# aquiring guide info



## speedy4022 (Jan 26, 2004)

I had this show up last night and caused a missed recording and I had to use the reset button because it was froze. Anyone else have this problem?


----------



## Cesatech (Jun 4, 2004)

My R-15 has done the same thing every sunday night since I bought it in January. Only way I found to get rid of it was to push the reset button. (mine's an R15-300). This problem was the main reason I bought an R10 with Tivo I found at a walmart store a couple of weeks ago. I'm gald to hear I'm not the only one with this annoying problem.


----------



## ejohnson (Jan 4, 2006)

mine has done it a few times in the past week or so. It doesn't lock up though, if I wait it out, everything is back in a couple minutes. ?? Luckily, I didn't really care about what I was watching anyway, and nothing was recording at the time.


----------



## Clint Lamor (Nov 15, 2005)

What show are you referring to? Or am I jjust missing some part of this conversation? I am not sure whats being referred to here.


----------



## Bobman (Jan 3, 2006)

Mine did something like that before but not since the 10a3 update. I never had to reset, you just wait until its done.


----------



## Bobman (Jan 3, 2006)

Kanyon71 said:


> I am not sure whats being referred to here.
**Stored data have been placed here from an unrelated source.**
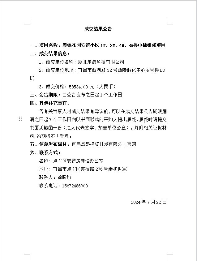 奧錦花園安置小區1#、3#、4#、8#樓電梯維修項目成交公告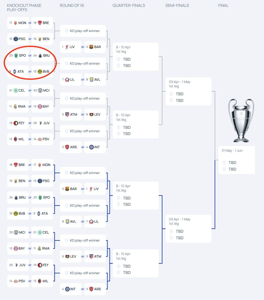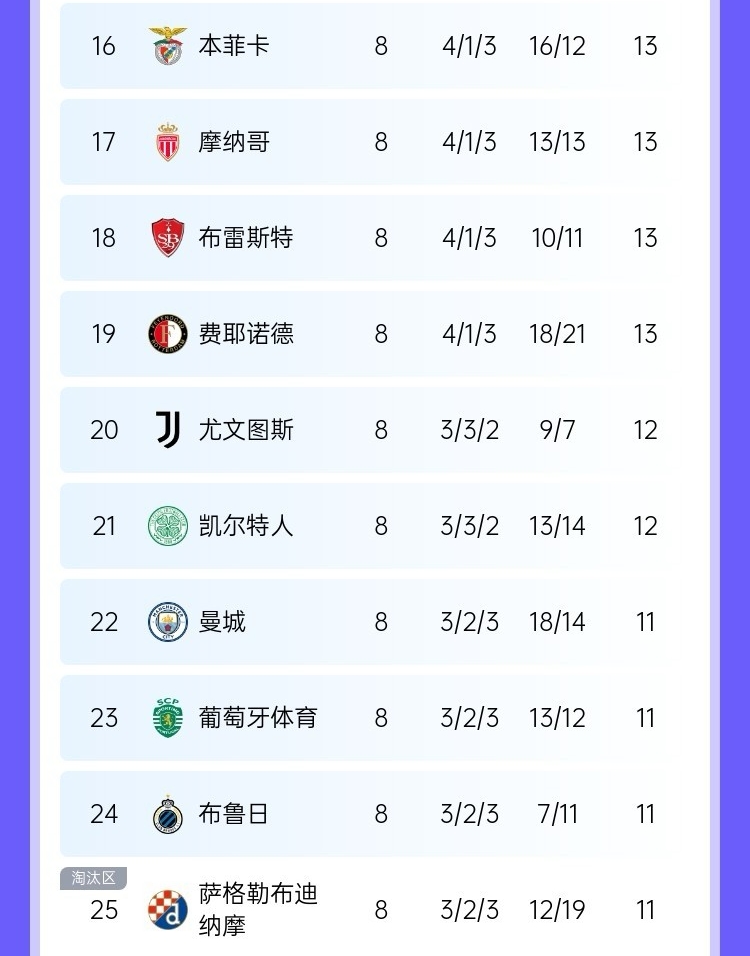 葡萄牙體育本賽季歐冠開局3勝1平,一度高局積分榜第2位,僅次于利物浦。但是前主帥阿莫林被曼聯(lián)挖走之后,球隊(duì)在歐冠3連敗排名瘋狂下滑。最終后4輪驚險(xiǎn)拿下1分的葡體,僅排名附加區(qū)倒數(shù)第2,他們將在附加賽對(duì)陣亞特蘭大或是多特蒙德。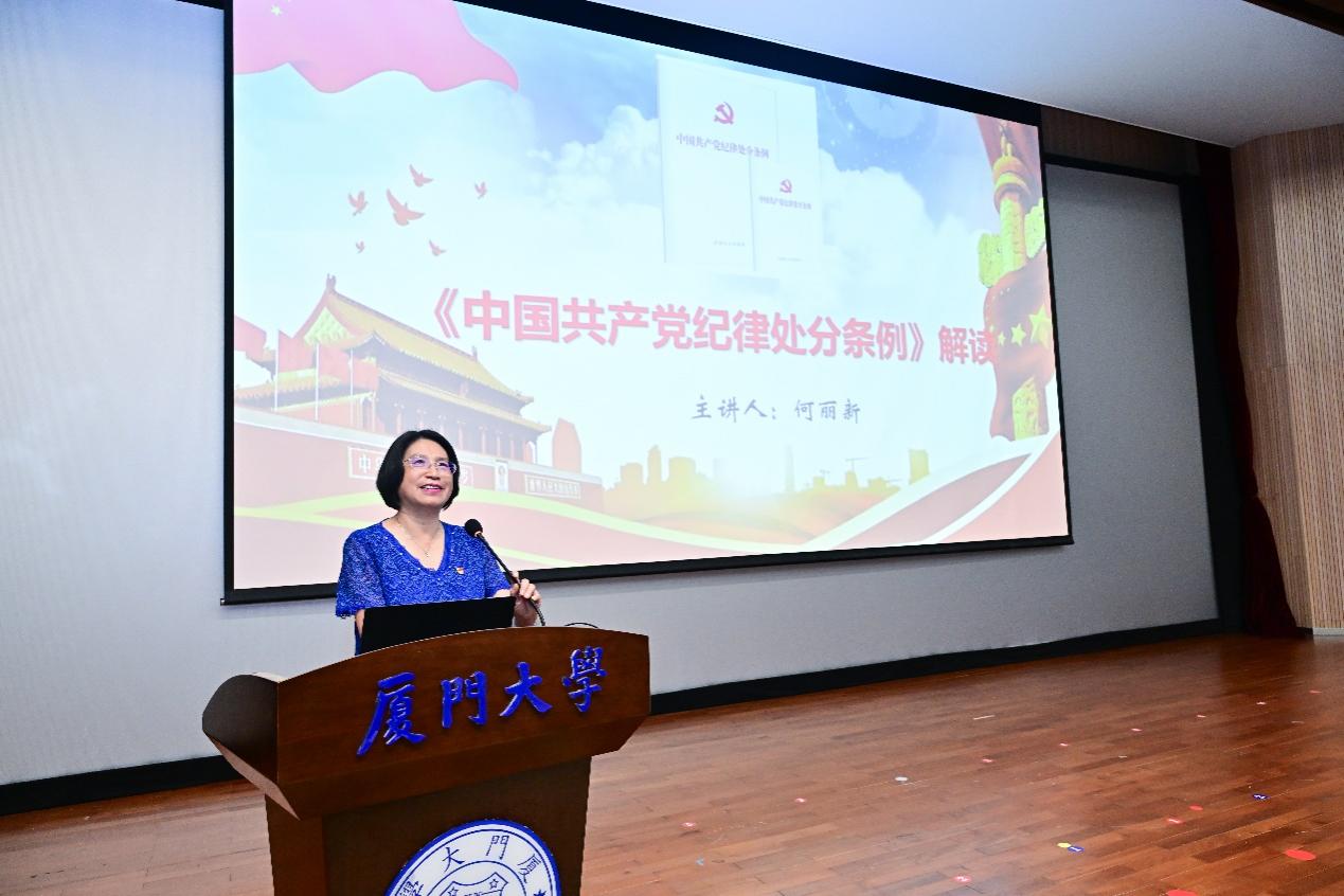 石慧霞在总结中强调《条例》是党的纪律的基础性法规,深入开展党纪学习教育是加强党的纪律建设、营造风清气正的育人环境、推动全面从严治党向纵深发展的重要举措,是学院努力朝向建设厦门大学一流学院的重要保障。她希望学生党员、教师党员、党政管理人员严格要求自己,学纪、知纪、明纪、守纪,把党的纪律转化为自律自省的行动自觉、内化为立德树人的价值追求、外化为爱岗敬业的行为习惯,以个人道德修养、人才培养质量、工作业绩成效检验党纪学习教育成果。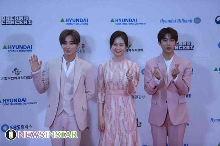 18일 오후 서울시 마포구 월드컵로 서울월드컵경기장에서 '제 25회 2019 드림콘서트'의 레드카펫 포토월 행사가 진행돼 MC 이특X전소민X공찬이 포토타임을 갖고 있다.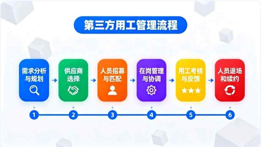 关于第三方人力管理流程,通用的流程框架主要包括以下几个环节: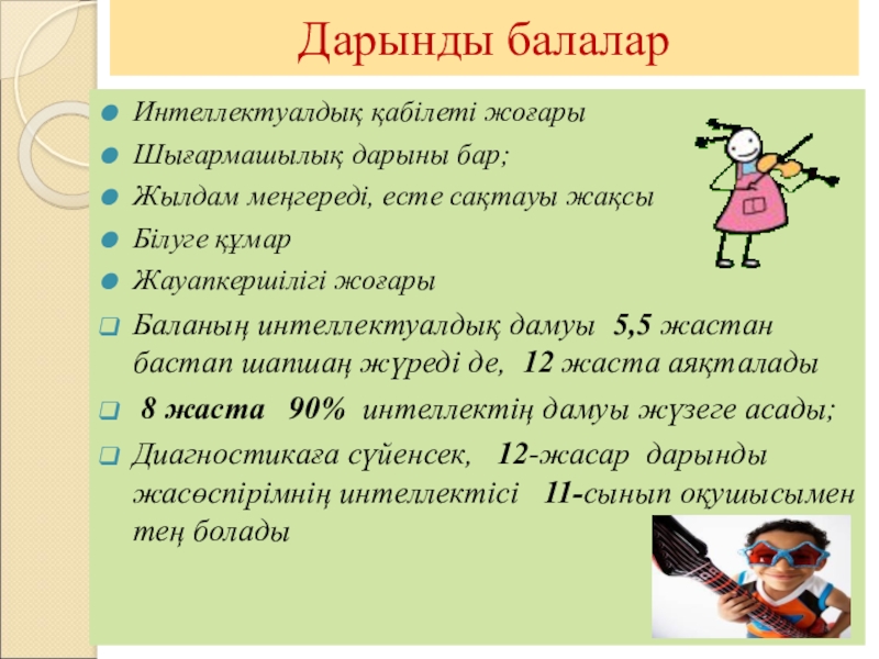 Диагностикаға сүйенсек, 12-жасар дарынды жасөспірімнің интеллектісі 11-сынып оқушысымен тең болады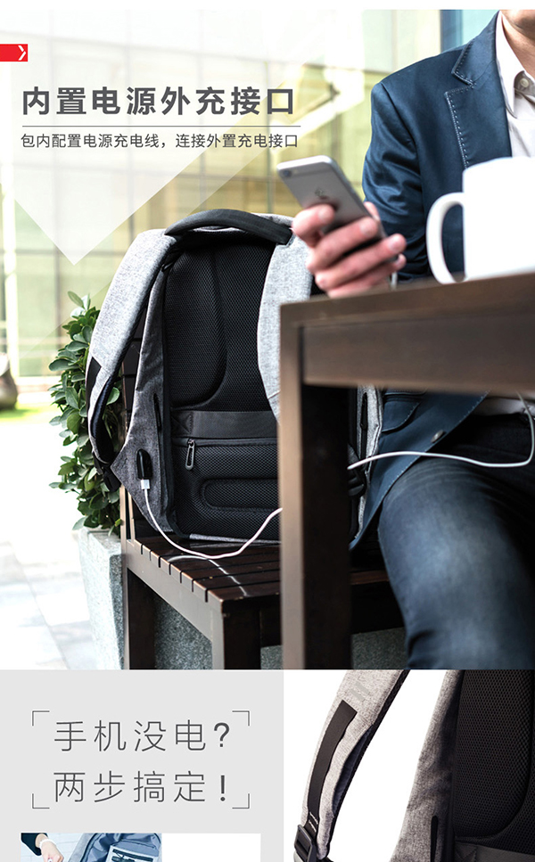 蒙马特背包的外层精选 600D 面料、6mm 防冲撞海绵层、双层夹面料、高聚物聚丙烯防割保护 PP 装甲,可以有效的防水。另外包里设计有充电线,逛街时手机没电也不用掏出充电包数据线,背包有内置电源外充接口,可以连接移动电源与外部设备,轻松充电,再也不用把充电宝拿手上,或卡在拉链缝里了。

Before this last update every now and then the R-15 screen would go blank and show a message about getting guide data and say something like if it doesnt fix itself in a few minutes to reset the box. I dont remember the exact message but its something like that.

I had forgot about this error until this thread started.


----------



## cabanaboy1977 (Nov 16, 2005)

I wonder if this has anything to do with my lost of guide data last night? I didn't have to reset it but when I went to check the todo list on the bedroom R15 it only had lasts nights data and the rest of the guide data was gone like it had be reset.


----------



## Clint Lamor (Nov 15, 2005)

Bobman said:


> Before this last update every now and then the R-15 screen would go blank and show a message about getting guide data and say something like if it doesnt fix itself in a few minutes to reset the box. I dont remember the exact message but its something like that.
> 
> I had forgot about this error until this thread started.


Hmmm something new every day with this box.


----------



## ejohnson (Jan 4, 2006)

Kanyon71 said:


> What show are you referring to? Or am I jjust missing some part of this conversation? I am not sure whats being referred to here.


It wasn't any specific show, It was more like it lost the signal, but in perfectly normal weather and for no apparent reason. The TV screen just went black in the middle of watching live TV (no button presses, or anything) with a message in the bottom right that said something like "acquiring satelite info". Changed channels up & down a few numbers and they were the same. Within a couple minutes the picture was back.

I didn't look way ahead in my guide data to see if it was affected. The immediate area was fine.


----------



## techNoodle (Nov 15, 2005)

I have seen this as well, with my R15-300. The guide is trying to acquire data, but when I press the GUIDE button, everything is there. The only way I have found to get rid of this message is to hit the panic (red) button. I think this is just another annoying bug in the software.


----------



## carl6 (Nov 16, 2005)

R15-500, and it did this tonight (for the first time as far as I know). Had a highlighted "more info" tab, and pressed select which gave the message about hitting reset if it didn't complete soon. Then the message went away and everything was back to normal. The guide was there all along.

Carl


----------



## Bobman (Jan 3, 2006)

This happened to me again last night. I had thought the new update fixed it but I guess not.


----------



## Clint Lamor (Nov 15, 2005)

I wonder if this could have something to do with some of these lockups. I noticed that when I didn't have anything hooked up to either tuner on my machine right after I moved that my box would lock up all the time. After I got one tuner hooked up the lockups went away again.


----------



## Bobman (Jan 3, 2006)

Kanyon71 said:


> I wonder if this could have something to do with some of these lockups.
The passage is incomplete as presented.